**Task prompt:** Transcribe the data exactly. Pictures stay out.

═════ Material provided

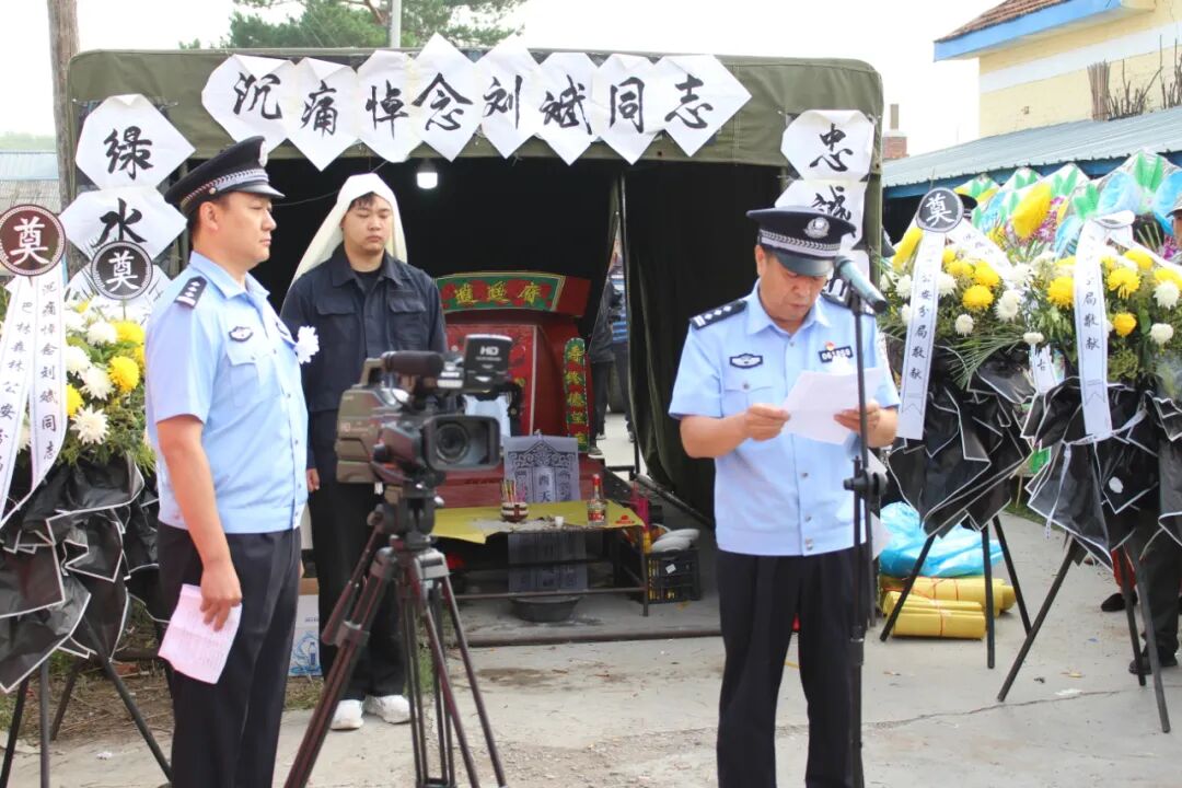 告别仪式上,介绍了刘斌同志的生平,深情回忆了刘斌同志从警生涯,高度肯定了刘斌同志忠诚担当、英勇无畏、无私奉献的敬业精神,对他因公殉职表示深切哀悼。在低鸣的哀乐中,参加仪式全体人员肃立默哀、鞠躬致敬、沉痛哀思。
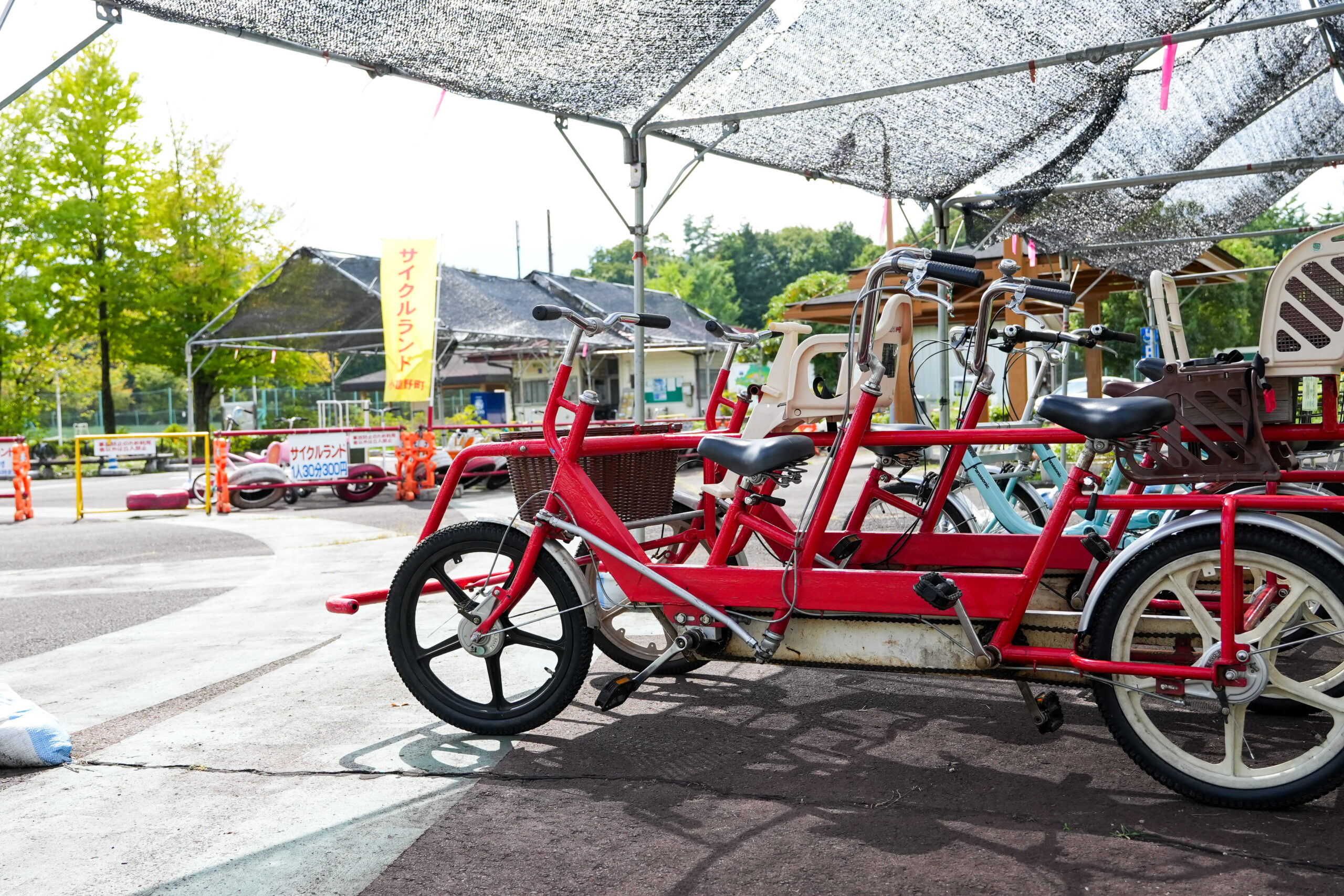 「秩父ミューズパーク」南口にある、おがのまちサイクリングセンターでは普通自転車が約100台と家族で乗れるような特殊自転車が約30台用意されています。特に変わり自転車は、2人乗り、3〜4人乗りや、ここでしか乗れないような6人乗りのものまであり、家族だけでなく、グループ旅行で訪れる人にも人気。園内を自由に乗ることができ、南口から北口方面への緩やかなアップダウンした道を新鮮な空気を吸いながら、サイクリングするのはとても気持ちの良い時間です。また、受付施設脇の敷地には小さなお子さま向けの“おもしろ自転車”をそろえたサイクルランドもあるので、年齢問わず自転車を楽しむことができます。
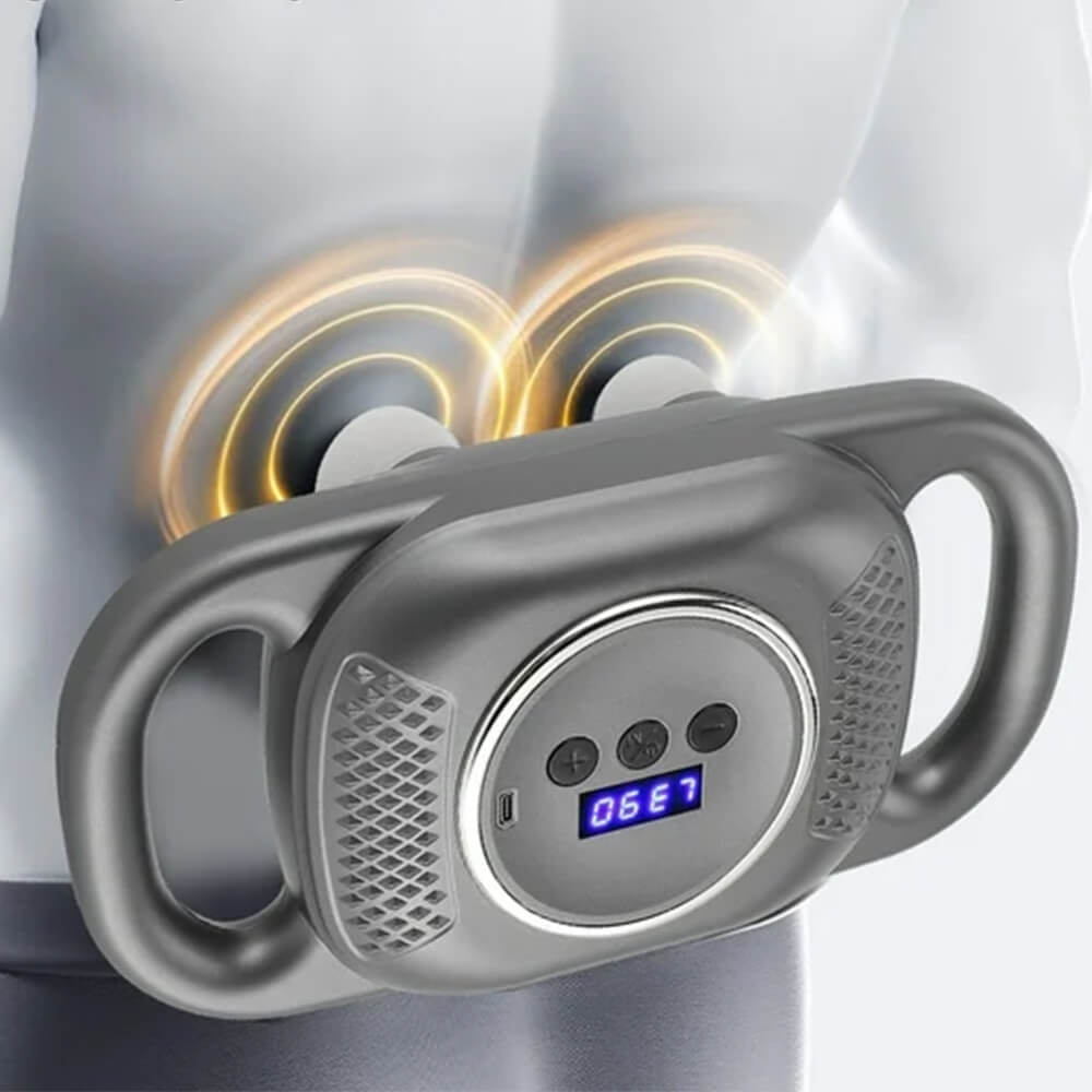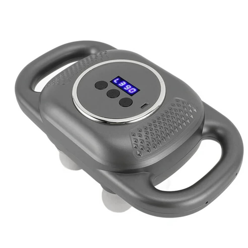 Šis keturių galvučių masažuoklis padės greitai atsipalaiduoti po įtemptos dienos ir palengvins raumenų įtampą. Prietaisas turi ergonomišką dizainą su dviem rankenomis, todėl jį lengva laikyti ir pritaikyti norimoje kūno vietoje – nugaroje, pečiuose, juosmens ar kojų srityje.
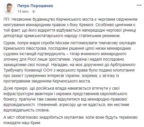 15.40 На открытие КРымского моста отреагировал президент Украины Петр Порошенко. На его странице в Facebook опубликован такой пост: "Незаконное строительство Керченского моста является очередным свидетельством пренебрежения международным правом со стороны Кремля. Особенно циничным является тот факт, что его открытие происходит накануне очередной годовщины депортации крымскотатарского народа сталинским режимом.
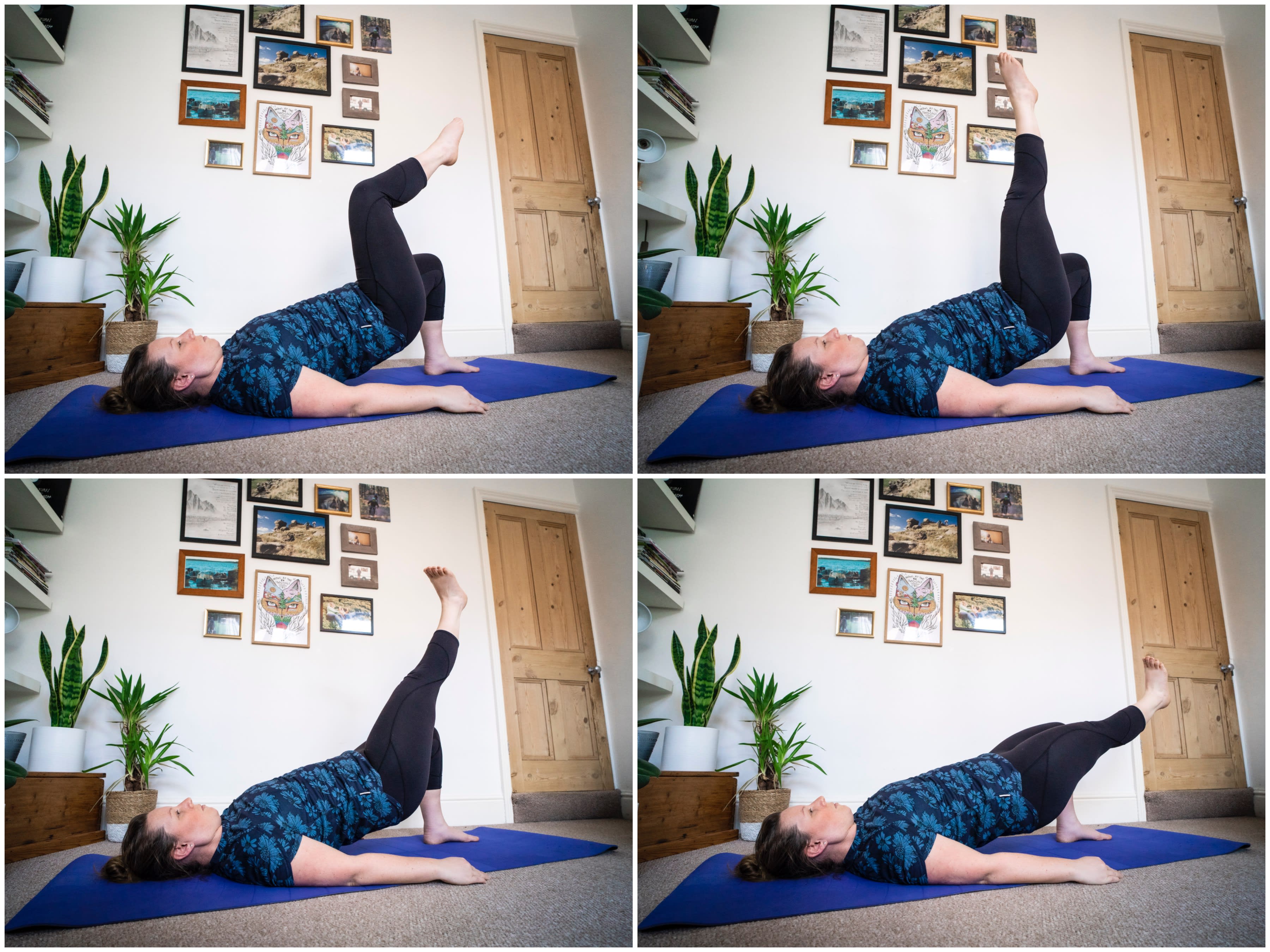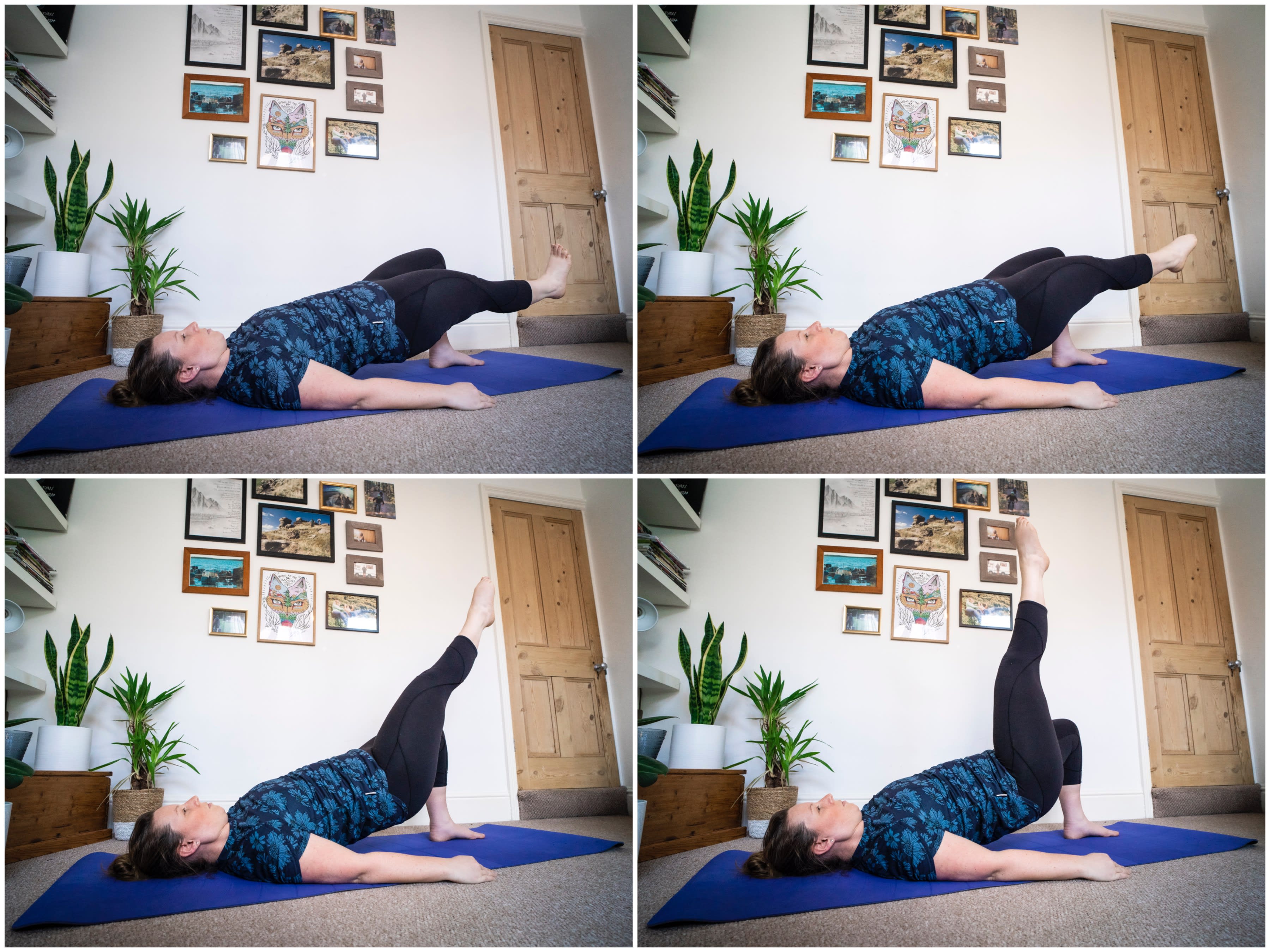 - Breathe in and lower the straight leg towards the floor. Remember to relax the shoulders and to keep the core activated, pelvis pressing upwards.

══════════

**Response area:**
 告别仪式上,介绍了刘斌同志的生平,深情回忆了刘斌同志从警生涯,高度肯定了刘斌同志忠诚担当、英勇无畏、无私奉献的敬业精神,对他因公殉职表示深切哀悼。在低鸣的哀乐中,参加仪式全体人员肃立默哀、鞠躬致敬、沉痛哀思。
 「秩父ミューズパーク」南口にある、おがのまちサイクリングセンターでは普通自転車が約100台と家族で乗れるような特殊自転車が約30台用意されています。特に変わり自転車は、2人乗り、3〜4人乗りや、ここでしか乗れないような6人乗りのものまであり、家族だけでなく、グループ旅行で訪れる人にも人気。園内を自由に乗ることができ、南口から北口方面への緩やかなアップダウンした道を新鮮な空気を吸いながら、サイクリングするのはとても気持ちの良い時間です。また、受付施設脇の敷地には小さなお子さま向けの“おもしろ自転車”をそろえたサイクルランドもあるので、年齢問わず自転車を楽しむことができます。
 Šis keturių galvučių masažuoklis padės greitai atsipalaiduoti po įtemptos dienos ir palengvins raumenų įtampą. Prietaisas turi ergonomišką dizainą su dviem rankenomis, todėl jį lengva laikyti ir pritaikyti norimoje kūno vietoje – nugaroje, pečiuose, juosmens ar kojų srityje.
 15.40 На открытие КРымского моста отреагировал президент Украины Петр Порошенко. На его странице в Facebook опубликован такой пост: "Незаконное строительство Керченского моста является очередным свидетельством пренебрежения международным правом со стороны Кремля. Особенно циничным является тот факт, что его открытие происходит накануне очередной годовщины депортации крымскотатарского народа сталинским режимом.
 - Breathe in and lower the straight leg towards the floor. Remember to relax the shoulders and to keep the core activated, pelvis pressing upwards.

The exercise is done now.